_Records supplied_.
▬▬▬
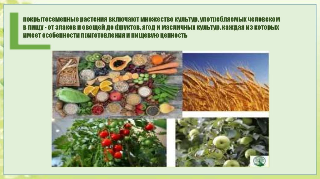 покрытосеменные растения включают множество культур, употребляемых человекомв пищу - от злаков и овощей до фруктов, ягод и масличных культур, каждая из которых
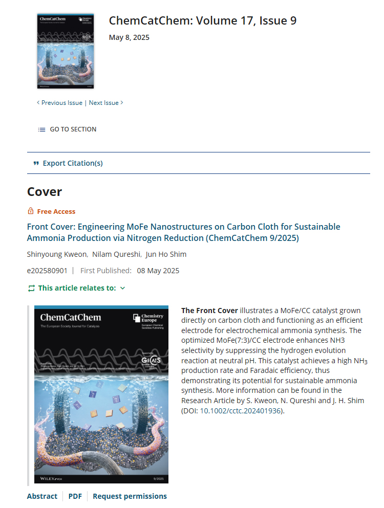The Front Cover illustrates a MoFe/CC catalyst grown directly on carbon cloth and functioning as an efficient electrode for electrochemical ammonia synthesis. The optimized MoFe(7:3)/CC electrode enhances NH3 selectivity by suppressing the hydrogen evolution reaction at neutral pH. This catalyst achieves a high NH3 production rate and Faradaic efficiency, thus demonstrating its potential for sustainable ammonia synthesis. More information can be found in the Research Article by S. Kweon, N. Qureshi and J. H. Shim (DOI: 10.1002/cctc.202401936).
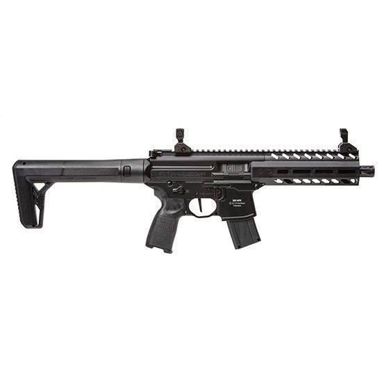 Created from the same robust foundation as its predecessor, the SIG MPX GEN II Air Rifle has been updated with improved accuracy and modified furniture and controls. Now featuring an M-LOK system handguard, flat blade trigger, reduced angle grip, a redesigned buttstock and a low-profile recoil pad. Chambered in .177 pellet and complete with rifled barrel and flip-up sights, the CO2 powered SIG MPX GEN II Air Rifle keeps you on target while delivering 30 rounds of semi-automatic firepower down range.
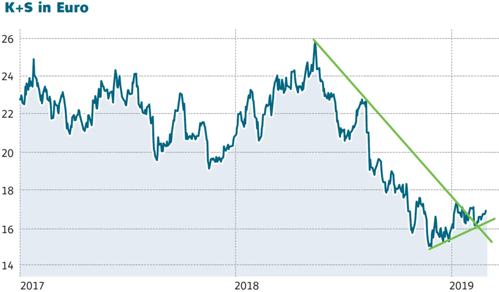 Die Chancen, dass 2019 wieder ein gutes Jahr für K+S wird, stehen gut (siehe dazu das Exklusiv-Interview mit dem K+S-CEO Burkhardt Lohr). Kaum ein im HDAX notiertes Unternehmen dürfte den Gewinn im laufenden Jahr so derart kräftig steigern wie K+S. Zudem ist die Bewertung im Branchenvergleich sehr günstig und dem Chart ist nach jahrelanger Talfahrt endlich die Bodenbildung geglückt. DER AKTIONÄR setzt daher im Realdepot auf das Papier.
▬▬▬
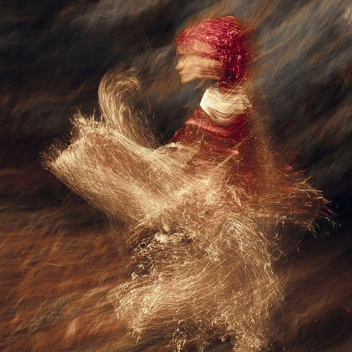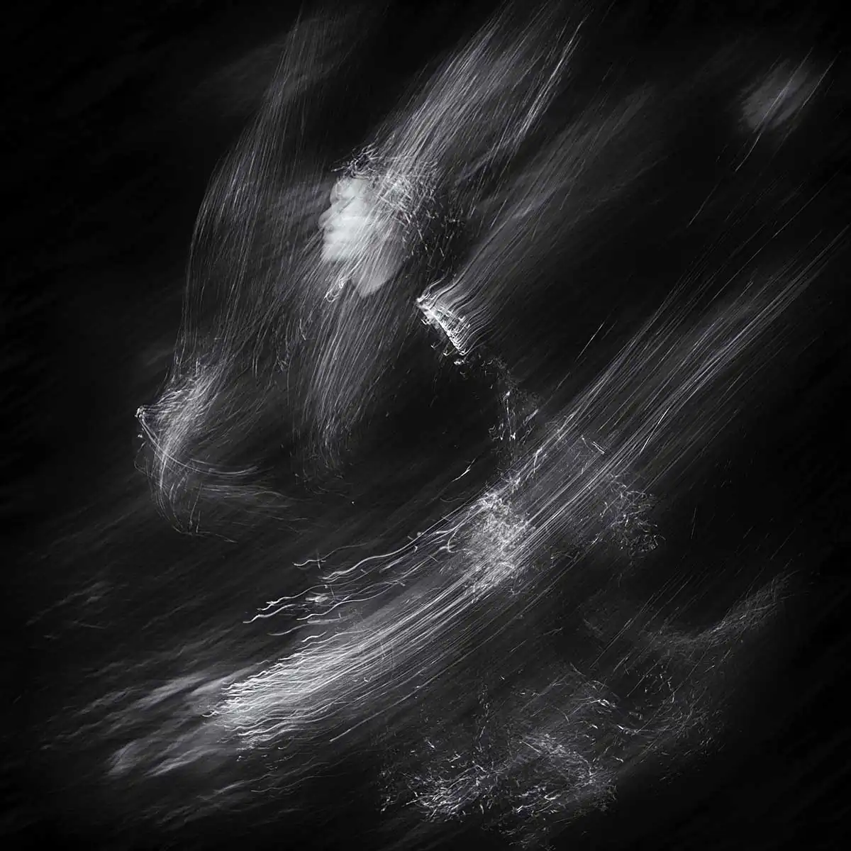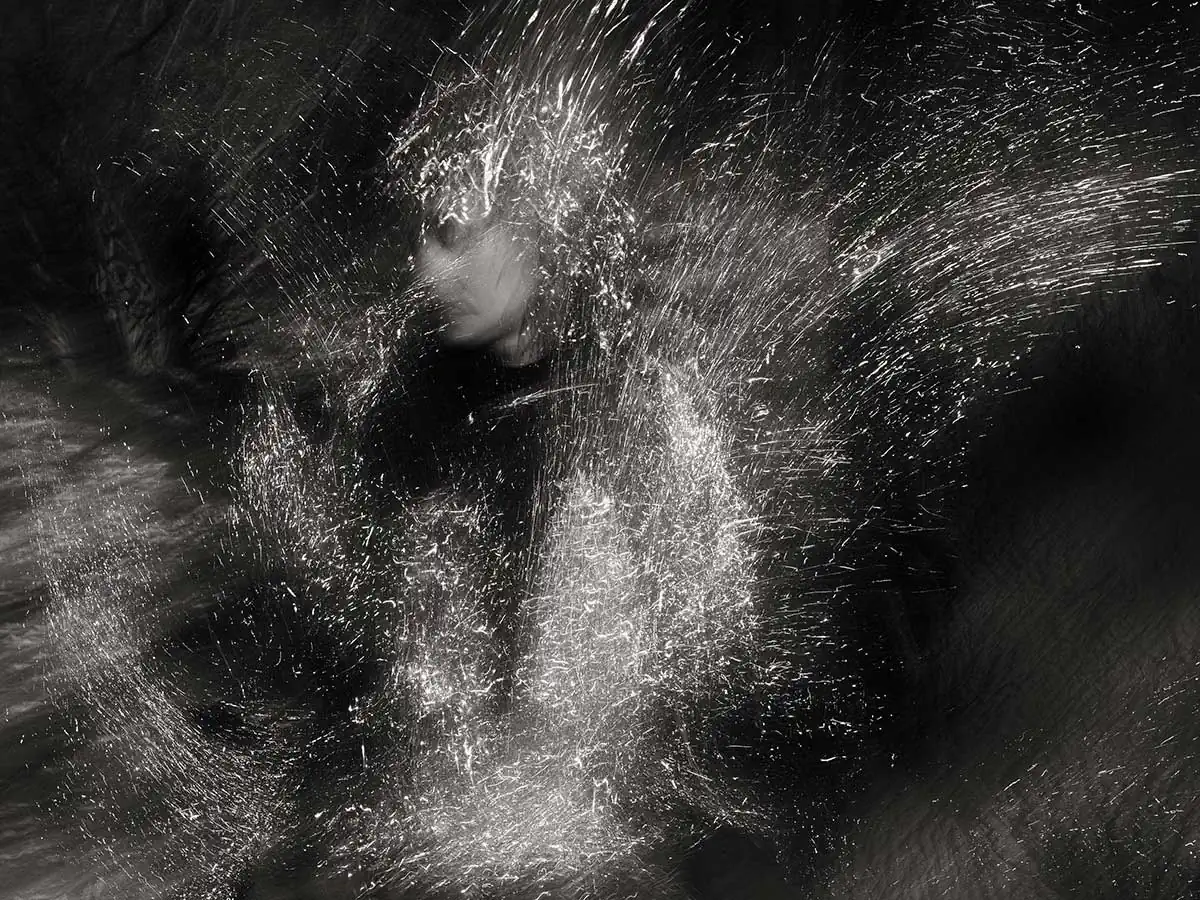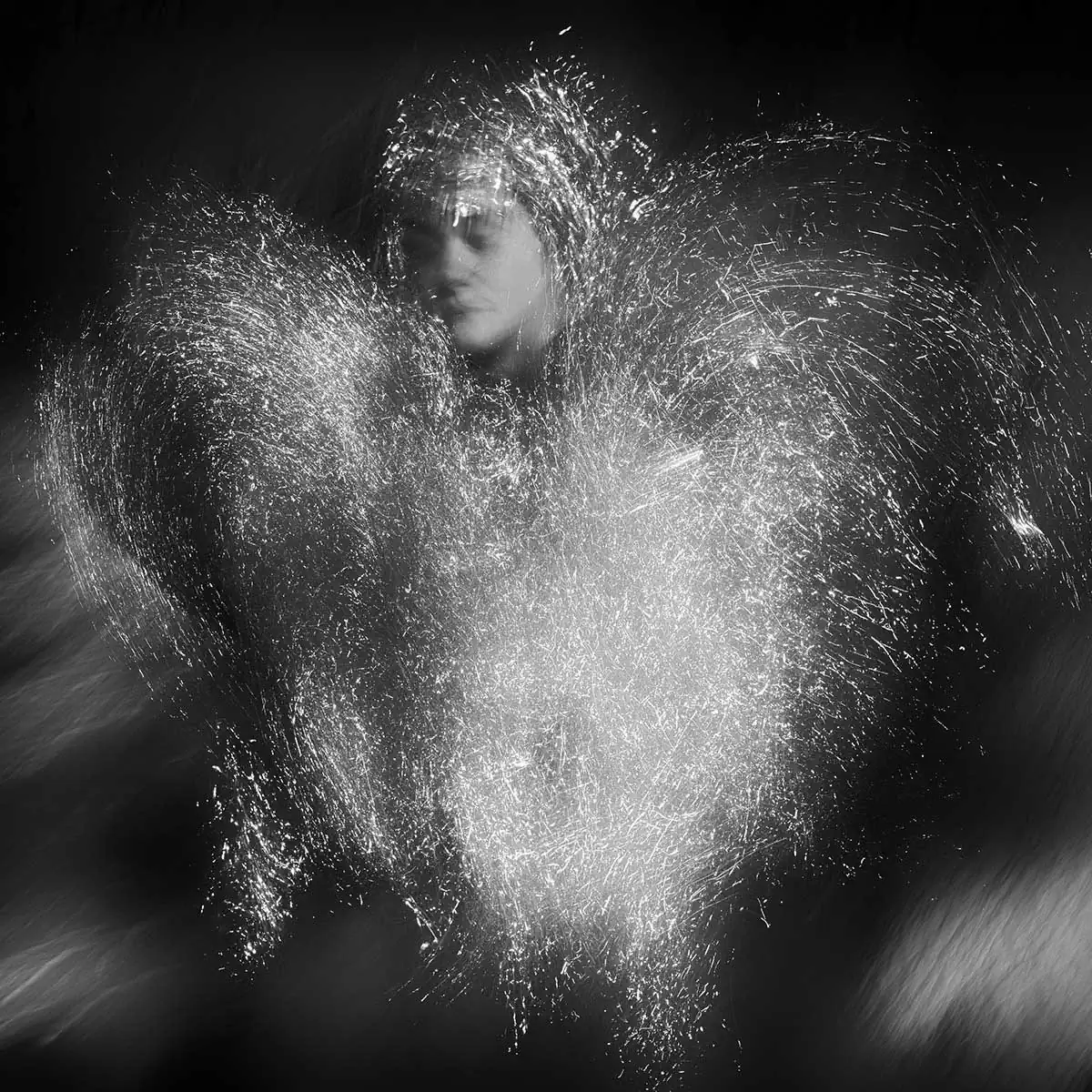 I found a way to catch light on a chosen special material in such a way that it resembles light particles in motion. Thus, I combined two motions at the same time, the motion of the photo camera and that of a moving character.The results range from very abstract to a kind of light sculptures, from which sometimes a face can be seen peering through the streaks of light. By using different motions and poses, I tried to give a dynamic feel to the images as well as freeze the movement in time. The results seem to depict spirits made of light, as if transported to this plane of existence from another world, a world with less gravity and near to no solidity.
▬▬▬
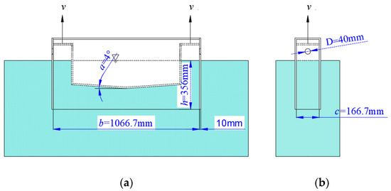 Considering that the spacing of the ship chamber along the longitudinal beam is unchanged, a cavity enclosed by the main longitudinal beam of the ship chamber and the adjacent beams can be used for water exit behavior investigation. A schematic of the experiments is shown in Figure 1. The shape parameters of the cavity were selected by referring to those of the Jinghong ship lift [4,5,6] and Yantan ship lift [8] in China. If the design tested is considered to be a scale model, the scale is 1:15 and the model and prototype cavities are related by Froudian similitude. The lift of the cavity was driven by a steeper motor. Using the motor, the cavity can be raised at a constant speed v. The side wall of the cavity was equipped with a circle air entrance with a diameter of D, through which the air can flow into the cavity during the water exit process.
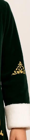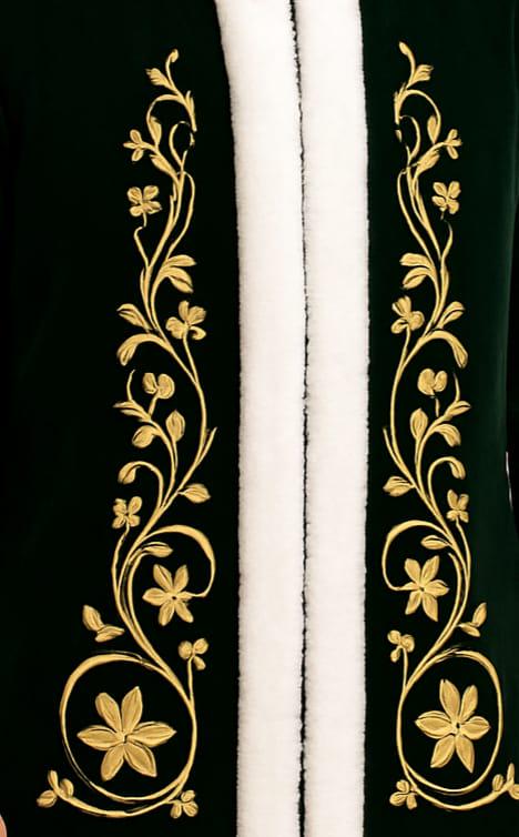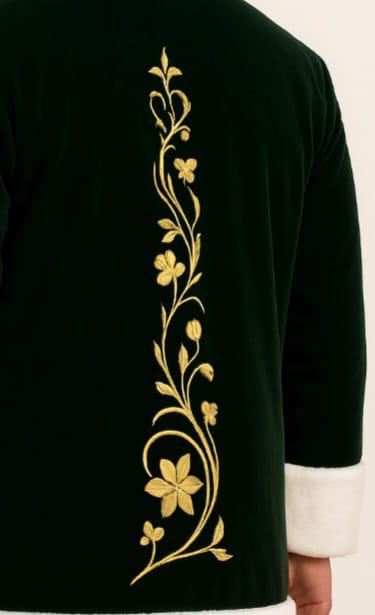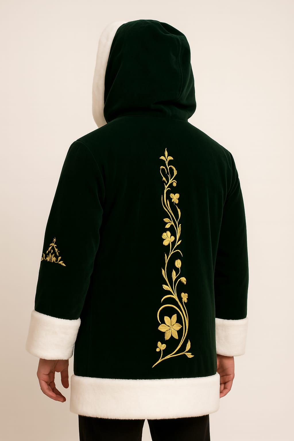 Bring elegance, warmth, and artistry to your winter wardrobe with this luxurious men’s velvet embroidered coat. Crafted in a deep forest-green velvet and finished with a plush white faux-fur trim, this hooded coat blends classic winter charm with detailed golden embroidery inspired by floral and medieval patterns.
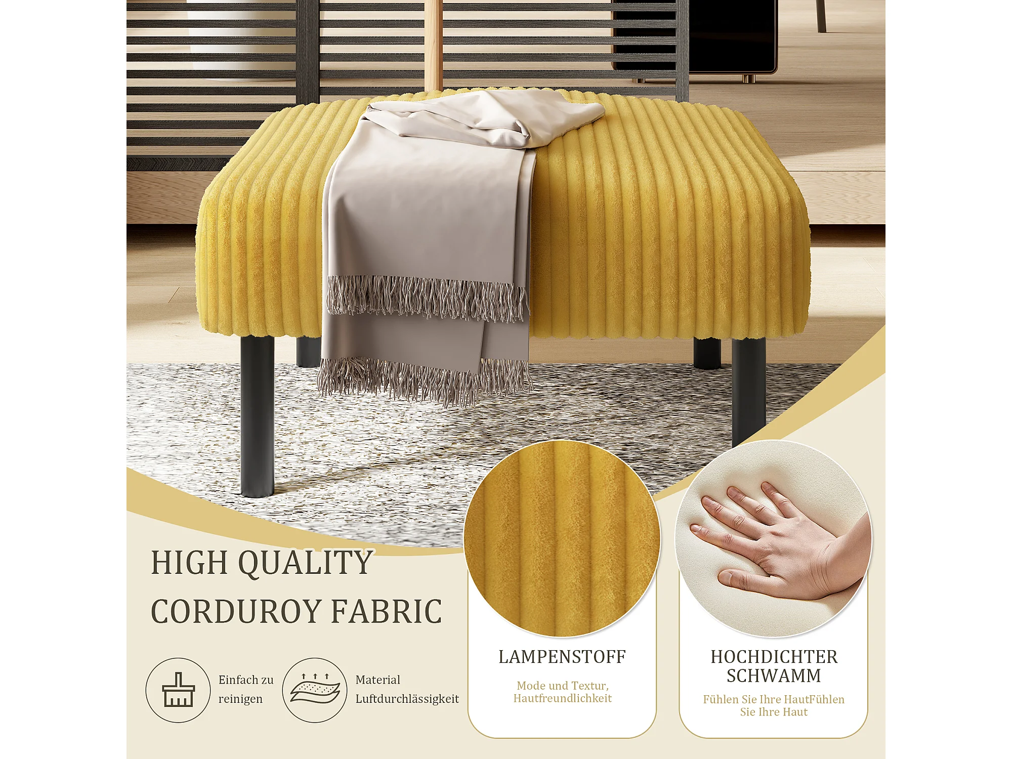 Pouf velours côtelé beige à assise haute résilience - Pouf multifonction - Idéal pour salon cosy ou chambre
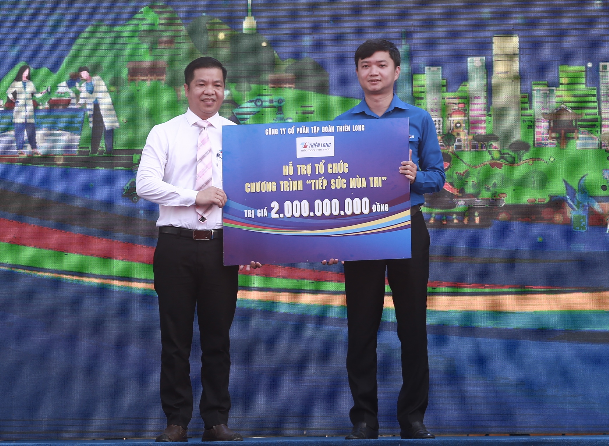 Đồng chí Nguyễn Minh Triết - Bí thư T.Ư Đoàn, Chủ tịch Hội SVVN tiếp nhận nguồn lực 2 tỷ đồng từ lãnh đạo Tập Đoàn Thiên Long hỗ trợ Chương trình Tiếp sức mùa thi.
▬▬▬
_Work instructions_.
In the listing above, find the line with "Bring elegance, warmth, and" and the line with "Pouf velours côtelé". Output both, plus every line between them, and no pictures.

_Result_.
 Bring elegance, warmth, and artistry to your winter wardrobe with this luxurious men’s velvet embroidered coat. Crafted in a deep forest-green velvet and finished with a plush white faux-fur trim, this hooded coat blends classic winter charm with detailed golden embroidery inspired by floral and medieval patterns.
 Pouf velours côtelé beige à assise haute résilience - Pouf multifonction - Idéal pour salon cosy ou chambre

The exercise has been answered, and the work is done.